テストクラスの構造化とは、 JUnit の @RunWith(Enclosed.class) アノテーションを使用し、テストのカテゴリ毎に内部クラスを設定してテストケースを分類することです。12
今回のテストは要件に沿って以下のカテゴリに分ける事ができます。
項番 | カテゴリ |
---|---|
1 | 引数が 3 と 5 の倍数でない |
2 | 引数が 3 のみの倍数 |
3 | 引数が 5 のみの倍数 |
4 | 引数が 3 と 5 両方の倍数 |
5 | 引数が無効境界値 (1 から 100 までの数でない) |
6 | 引数が有効境界値 (1 から 100 までの数) |
上記のカテゴリ毎に内部クラスを設定し、最終的に FizzBuzzTest.java を以下のように書き換えます。
@RunWith(Enclosed.class)
public class FizzBuzzTest {
public static class 引数が3と5の倍数でない {
FizzBuzz fizzbuzz = new FizzBuzz();
@Test
public void 引数に1を与えたら1を返す() {
assertEquals("1", fizzbuzz.response(1));
}
}
public static class 引数が3のみの倍数 {
FizzBuzz fizzbuzz = new FizzBuzz();
@Test
public void 引数3を与えたらFizzを返す() {
assertEquals("Fizz", fizzbuzz.response(3));
}
}
public static class 引数が5のみの倍数 {
FizzBuzz fizzbuzz = new FizzBuzz();
@Test
public void 引数5を与えたらBuzzを返す() {
assertEquals("Buzz", fizzbuzz.response(5));
}
}
public static class 引数が3と5の倍数 {
FizzBuzz fizzbuzz = new FizzBuzz();
@Test
public void 引数15を与えたらFizzBuzzを返す() {
assertEquals("FizzBuzz", fizzbuzz.response(15));
}
}
public static class 引数が無効境界値 {
FizzBuzz fizzbuzz = new FizzBuzz();
@Test(expected = IndexOutOfBoundsException.class)
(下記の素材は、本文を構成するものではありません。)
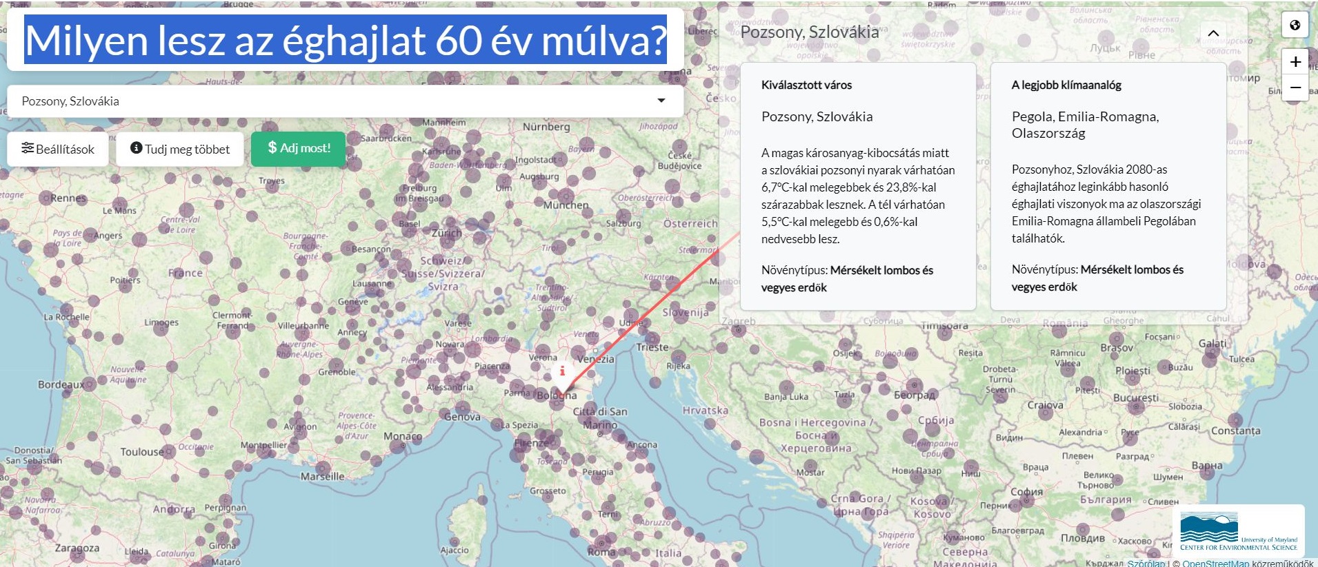 A szakember célja a térképpel, hogy bemutassa, mi várható az éghajlatváltozás terén 2080-ig. A térképet megnyitva be kell írni annak a településnek a nevét, melynek jövőbeni éghajlatára kíváncsi – az oldal pedig egyrészt kifejti, milyen lesz ott a tél és a nyár 2080-ban, másrészt párosítja is egy olyan településsel, melynek a jelenlegi éghajlatához viszonyítható a jövő.

public void 引数に0を与えたらエラーとなる() {
fizzbuzz.response(0);
}
@Test(expected = IndexOutOfBoundsException.class)
public void 引数に101を与えたらエラーとなる() {
fizzbuzz.response(101);
}
}
public static class 引数が有効境界値 {
FizzBuzz fizzbuzz = new FizzBuzz();
@Test
public void 引数に1を与えたら1を返す() {
assertEquals("1", fizzbuzz.response(1));
}
@Test
public void 引数に100を与えたらBuzzを返す() {
assertEquals("Buzz", fizzbuzz.response(100));
}
}
}
当然、書き換えたらテストを実行し、全て成功することを確認します。
テスト結果も、テストケースがずらりと並んでいるよりも、どの要件に対するテストケースなのかがより分かりやすくなったと思います。
以上で実践編は終わりです。
今回は比較的単純な要件に対する TDD でしたが、今後はより複雑な要件を実装する際にも是非 TDD を試し、その効果や限界を確かめていこうと思います。